Stereochemistry of actinomycin binding to DNA: I. Refinement and further structural details of the actinomycin—deoxyguanosine crystalline complex

Abstract

Actinomycin D co-crystallizes with deoxyguanosine to form a 1:2 stoichiometric complex. The crystals are orthorhombic, space group P2 12 12 1, with cell parameters, a = 24.78, b = 29.47 and c = 13.60 A ̊ . The structure contains 140 atoms in the asymmetric unit (one actinomycin, two deoxyguanosine, and twelve water molecules) and has been solved using a combination of Patterson and tangent refinement methods, and refined by full matrix least squares to a residual of 9.4%. The two polypeptide chains of actinomycin are related by an approximate dyad axis lying roughly along a vector connecting the ON bridging atoms in the phenoxazone ring.

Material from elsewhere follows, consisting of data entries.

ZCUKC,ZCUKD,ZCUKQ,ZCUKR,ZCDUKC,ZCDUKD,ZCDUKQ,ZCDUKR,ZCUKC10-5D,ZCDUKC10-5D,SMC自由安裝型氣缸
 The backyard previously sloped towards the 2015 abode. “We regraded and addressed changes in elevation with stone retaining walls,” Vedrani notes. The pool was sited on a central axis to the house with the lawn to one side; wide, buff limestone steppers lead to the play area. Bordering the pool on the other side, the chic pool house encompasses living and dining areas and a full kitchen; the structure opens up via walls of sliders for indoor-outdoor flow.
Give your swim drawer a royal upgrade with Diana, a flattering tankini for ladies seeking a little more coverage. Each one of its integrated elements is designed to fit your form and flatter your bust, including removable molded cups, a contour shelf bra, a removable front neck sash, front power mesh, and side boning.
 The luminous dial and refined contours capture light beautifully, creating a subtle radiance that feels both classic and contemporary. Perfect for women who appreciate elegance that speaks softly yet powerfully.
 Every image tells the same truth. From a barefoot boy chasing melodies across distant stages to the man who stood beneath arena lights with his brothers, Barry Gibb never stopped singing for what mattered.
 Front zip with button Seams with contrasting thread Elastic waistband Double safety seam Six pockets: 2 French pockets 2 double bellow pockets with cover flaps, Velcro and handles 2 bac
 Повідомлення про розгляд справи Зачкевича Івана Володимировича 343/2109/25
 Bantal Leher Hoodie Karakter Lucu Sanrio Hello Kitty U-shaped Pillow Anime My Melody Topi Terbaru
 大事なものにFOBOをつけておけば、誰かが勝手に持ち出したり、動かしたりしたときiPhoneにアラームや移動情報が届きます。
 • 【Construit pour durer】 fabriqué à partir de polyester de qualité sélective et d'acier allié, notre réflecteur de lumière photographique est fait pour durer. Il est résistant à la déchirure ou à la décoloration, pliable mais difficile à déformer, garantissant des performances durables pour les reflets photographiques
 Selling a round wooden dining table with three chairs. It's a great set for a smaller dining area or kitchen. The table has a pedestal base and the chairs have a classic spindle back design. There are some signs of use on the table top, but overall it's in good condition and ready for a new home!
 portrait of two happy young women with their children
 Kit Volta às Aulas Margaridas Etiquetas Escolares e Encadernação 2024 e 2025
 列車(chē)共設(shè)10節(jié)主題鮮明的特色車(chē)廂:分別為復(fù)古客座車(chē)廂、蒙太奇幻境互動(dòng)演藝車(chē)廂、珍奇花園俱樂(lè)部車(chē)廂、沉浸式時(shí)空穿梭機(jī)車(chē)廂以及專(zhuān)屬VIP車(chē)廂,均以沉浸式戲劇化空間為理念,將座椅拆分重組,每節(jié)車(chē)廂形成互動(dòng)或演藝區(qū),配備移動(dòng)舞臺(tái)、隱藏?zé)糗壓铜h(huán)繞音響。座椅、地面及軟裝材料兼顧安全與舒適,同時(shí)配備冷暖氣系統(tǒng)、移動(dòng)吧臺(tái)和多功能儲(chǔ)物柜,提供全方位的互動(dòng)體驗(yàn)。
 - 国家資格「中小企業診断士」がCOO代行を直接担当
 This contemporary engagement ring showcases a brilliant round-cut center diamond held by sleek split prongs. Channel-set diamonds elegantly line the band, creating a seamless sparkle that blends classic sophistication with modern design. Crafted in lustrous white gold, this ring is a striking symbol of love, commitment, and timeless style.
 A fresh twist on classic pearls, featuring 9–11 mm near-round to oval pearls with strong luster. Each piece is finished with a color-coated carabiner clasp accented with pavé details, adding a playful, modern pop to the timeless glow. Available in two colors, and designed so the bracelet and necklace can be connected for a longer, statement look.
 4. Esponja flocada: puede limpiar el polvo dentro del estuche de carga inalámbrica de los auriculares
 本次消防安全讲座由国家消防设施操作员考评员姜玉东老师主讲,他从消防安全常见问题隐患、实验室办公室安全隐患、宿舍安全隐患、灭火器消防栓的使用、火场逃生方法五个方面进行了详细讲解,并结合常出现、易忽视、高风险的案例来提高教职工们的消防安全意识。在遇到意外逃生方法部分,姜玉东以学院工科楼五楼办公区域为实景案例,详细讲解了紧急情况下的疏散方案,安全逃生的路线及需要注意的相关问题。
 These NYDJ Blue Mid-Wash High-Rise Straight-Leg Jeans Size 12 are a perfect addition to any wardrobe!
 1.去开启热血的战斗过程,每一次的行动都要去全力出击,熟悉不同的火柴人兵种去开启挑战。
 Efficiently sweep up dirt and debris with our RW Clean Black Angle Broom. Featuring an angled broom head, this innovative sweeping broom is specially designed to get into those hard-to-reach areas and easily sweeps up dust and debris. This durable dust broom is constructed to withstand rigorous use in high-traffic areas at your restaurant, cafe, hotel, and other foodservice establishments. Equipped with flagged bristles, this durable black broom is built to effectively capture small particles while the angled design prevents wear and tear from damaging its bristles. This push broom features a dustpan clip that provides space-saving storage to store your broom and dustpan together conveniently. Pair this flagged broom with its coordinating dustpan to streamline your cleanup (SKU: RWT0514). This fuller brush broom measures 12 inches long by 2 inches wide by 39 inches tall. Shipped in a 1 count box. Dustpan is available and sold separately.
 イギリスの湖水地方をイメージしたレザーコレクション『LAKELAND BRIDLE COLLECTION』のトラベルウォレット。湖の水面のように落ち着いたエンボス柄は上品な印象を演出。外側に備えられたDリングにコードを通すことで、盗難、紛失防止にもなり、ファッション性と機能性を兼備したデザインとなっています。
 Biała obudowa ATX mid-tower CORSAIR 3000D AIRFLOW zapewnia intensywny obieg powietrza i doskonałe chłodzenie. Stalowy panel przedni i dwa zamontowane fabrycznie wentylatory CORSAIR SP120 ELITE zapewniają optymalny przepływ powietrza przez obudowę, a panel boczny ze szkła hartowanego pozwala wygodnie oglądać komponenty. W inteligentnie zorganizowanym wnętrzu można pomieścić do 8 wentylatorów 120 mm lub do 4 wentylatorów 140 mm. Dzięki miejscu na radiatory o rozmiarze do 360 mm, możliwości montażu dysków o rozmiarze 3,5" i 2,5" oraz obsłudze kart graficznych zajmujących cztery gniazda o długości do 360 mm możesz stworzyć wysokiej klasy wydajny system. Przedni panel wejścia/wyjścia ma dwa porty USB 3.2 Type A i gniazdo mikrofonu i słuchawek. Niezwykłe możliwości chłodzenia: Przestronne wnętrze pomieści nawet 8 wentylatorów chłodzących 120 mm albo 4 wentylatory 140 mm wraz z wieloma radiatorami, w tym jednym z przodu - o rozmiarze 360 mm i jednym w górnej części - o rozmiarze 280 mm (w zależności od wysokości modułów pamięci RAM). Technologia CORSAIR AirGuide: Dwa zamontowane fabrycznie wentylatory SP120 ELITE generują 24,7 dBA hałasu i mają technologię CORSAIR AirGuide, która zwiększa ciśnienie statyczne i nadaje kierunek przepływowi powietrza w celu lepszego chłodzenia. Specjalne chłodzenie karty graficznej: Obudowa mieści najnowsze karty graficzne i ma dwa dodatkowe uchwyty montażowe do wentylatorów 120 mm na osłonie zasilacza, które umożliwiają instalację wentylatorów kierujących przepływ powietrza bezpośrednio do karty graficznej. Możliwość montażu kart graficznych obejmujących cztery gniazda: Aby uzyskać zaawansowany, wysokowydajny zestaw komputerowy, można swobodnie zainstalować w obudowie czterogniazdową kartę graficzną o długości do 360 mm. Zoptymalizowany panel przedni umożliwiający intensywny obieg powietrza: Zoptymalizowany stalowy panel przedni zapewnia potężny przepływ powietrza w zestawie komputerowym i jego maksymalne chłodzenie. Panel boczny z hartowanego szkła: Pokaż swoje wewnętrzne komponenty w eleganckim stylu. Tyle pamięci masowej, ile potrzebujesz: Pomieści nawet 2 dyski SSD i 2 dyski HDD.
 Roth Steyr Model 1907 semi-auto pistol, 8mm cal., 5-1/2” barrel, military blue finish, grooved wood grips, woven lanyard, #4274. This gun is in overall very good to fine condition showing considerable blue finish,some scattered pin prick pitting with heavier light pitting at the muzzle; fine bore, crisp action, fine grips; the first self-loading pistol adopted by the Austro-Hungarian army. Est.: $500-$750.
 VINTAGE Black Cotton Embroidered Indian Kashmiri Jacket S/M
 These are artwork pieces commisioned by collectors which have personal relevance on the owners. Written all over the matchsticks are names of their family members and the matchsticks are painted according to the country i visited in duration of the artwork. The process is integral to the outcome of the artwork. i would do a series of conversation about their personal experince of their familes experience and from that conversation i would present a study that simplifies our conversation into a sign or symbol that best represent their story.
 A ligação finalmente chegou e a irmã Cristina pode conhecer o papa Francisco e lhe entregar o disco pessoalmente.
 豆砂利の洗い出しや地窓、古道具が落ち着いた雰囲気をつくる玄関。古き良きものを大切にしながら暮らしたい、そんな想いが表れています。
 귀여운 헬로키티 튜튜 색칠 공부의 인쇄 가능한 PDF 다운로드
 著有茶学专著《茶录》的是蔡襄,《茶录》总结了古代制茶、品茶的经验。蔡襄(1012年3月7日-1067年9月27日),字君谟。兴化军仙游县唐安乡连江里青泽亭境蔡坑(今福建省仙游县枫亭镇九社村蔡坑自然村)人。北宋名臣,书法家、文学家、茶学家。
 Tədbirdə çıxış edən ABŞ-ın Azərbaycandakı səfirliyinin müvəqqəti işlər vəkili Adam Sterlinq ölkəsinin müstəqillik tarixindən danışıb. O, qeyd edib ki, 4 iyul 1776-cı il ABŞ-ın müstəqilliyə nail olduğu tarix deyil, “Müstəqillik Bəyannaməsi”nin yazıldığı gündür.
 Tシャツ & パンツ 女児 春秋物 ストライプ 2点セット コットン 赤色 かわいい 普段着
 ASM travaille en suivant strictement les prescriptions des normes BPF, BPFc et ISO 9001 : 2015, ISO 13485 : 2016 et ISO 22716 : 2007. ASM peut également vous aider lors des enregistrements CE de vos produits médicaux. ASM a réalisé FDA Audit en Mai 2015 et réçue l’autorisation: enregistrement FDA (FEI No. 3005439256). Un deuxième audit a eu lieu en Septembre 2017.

A strong hydrogen bond exists between neighboring cyclic pentapeptide chains connecting the NH of one d-valine residue with the carbonyl oxygen of the other d-valine residue (2.94, 2.96 Å). The conformations of the peptide linkages are as follows: l-threonine- d-valine, trans; d-valine- lproline, cis; l-proline-sarcosine, cis; sarcosine- l-methylvaline, trans; l-threonine-carboxamide carbonyl oxygen and carbon of chromophore, trans. The 1:2 stoichiometry of the complex is a direct consequence of the 2-fold symmetry of actinomycin and reflects the two chemically equivalent binding sites available to deoxyguanosine for complex formation. The two deoxyguanosine molecules interact with each cyclic peptide residue and stack on alternate sides of the phenoxazone ring system. A strong hydrogen bond (2.82, 2.80 Å) connects the guanine 2-amino group with the carbonyl oxygen of the l-threonine residue, while a weaker hydrogen bond connects the guanine N (3) ring nitrogen with the NH group on this same l-threonine residue (3.15, 3.25 Å). Further details of the crystal structure are presented. This structure is an example of a protein—nucleic acid co-crystallization and the configuration observed in the crystalline complex explains in a natural way the stereochemistry of actinomycin binding to DNA. This is described in the accompanying paper.